↓↓↓
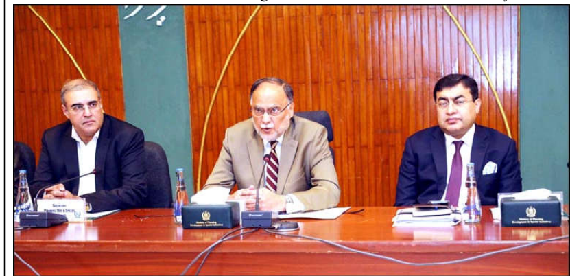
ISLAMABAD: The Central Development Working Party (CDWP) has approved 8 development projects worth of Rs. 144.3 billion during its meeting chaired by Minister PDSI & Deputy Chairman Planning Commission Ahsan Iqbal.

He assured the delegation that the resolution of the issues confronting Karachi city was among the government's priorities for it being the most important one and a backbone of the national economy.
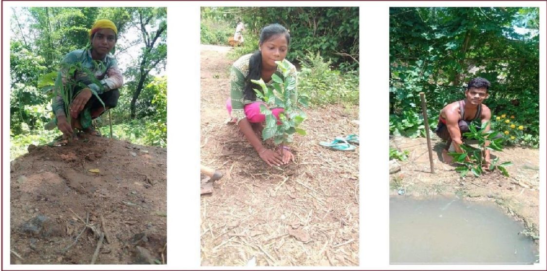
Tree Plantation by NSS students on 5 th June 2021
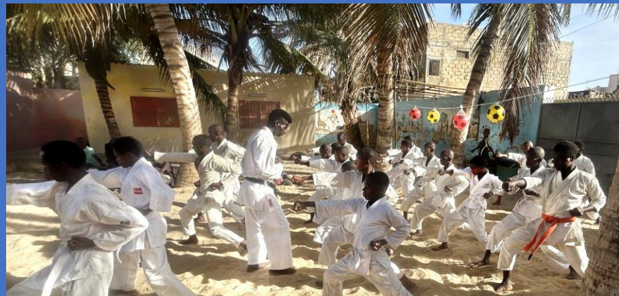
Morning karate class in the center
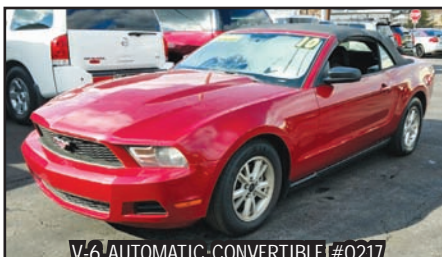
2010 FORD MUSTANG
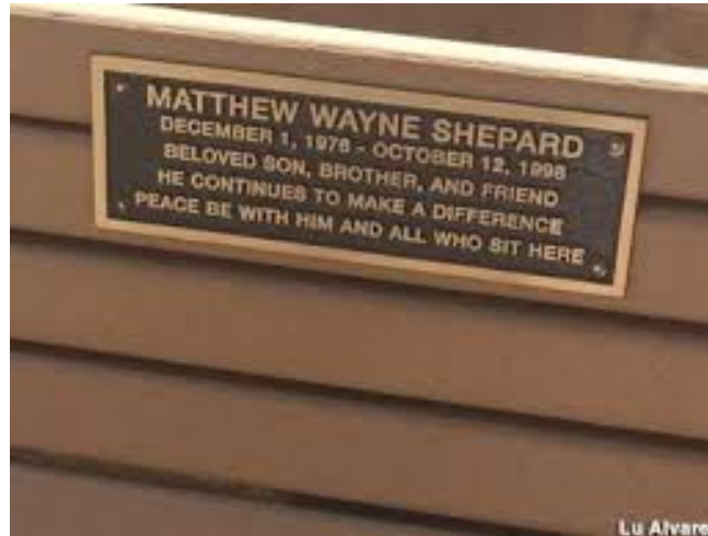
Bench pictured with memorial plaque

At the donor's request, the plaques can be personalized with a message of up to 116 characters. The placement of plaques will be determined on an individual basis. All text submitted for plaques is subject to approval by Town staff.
↑↑↑
* _TASK DETAILS_
Transcribe, word for word, the line holding "2010 FORD MUSTANG" and all lines after it in the entries above, ending with the last. Only those lines; no pictures.

* _FINAL ANSWER_
2010 FORD MUSTANG
Bench pictured with memorial plaque

At the donor's request, the plaques can be personalized with a message of up to 116 characters. The placement of plaques will be determined on an individual basis. All text submitted for plaques is subject to approval by Town staff.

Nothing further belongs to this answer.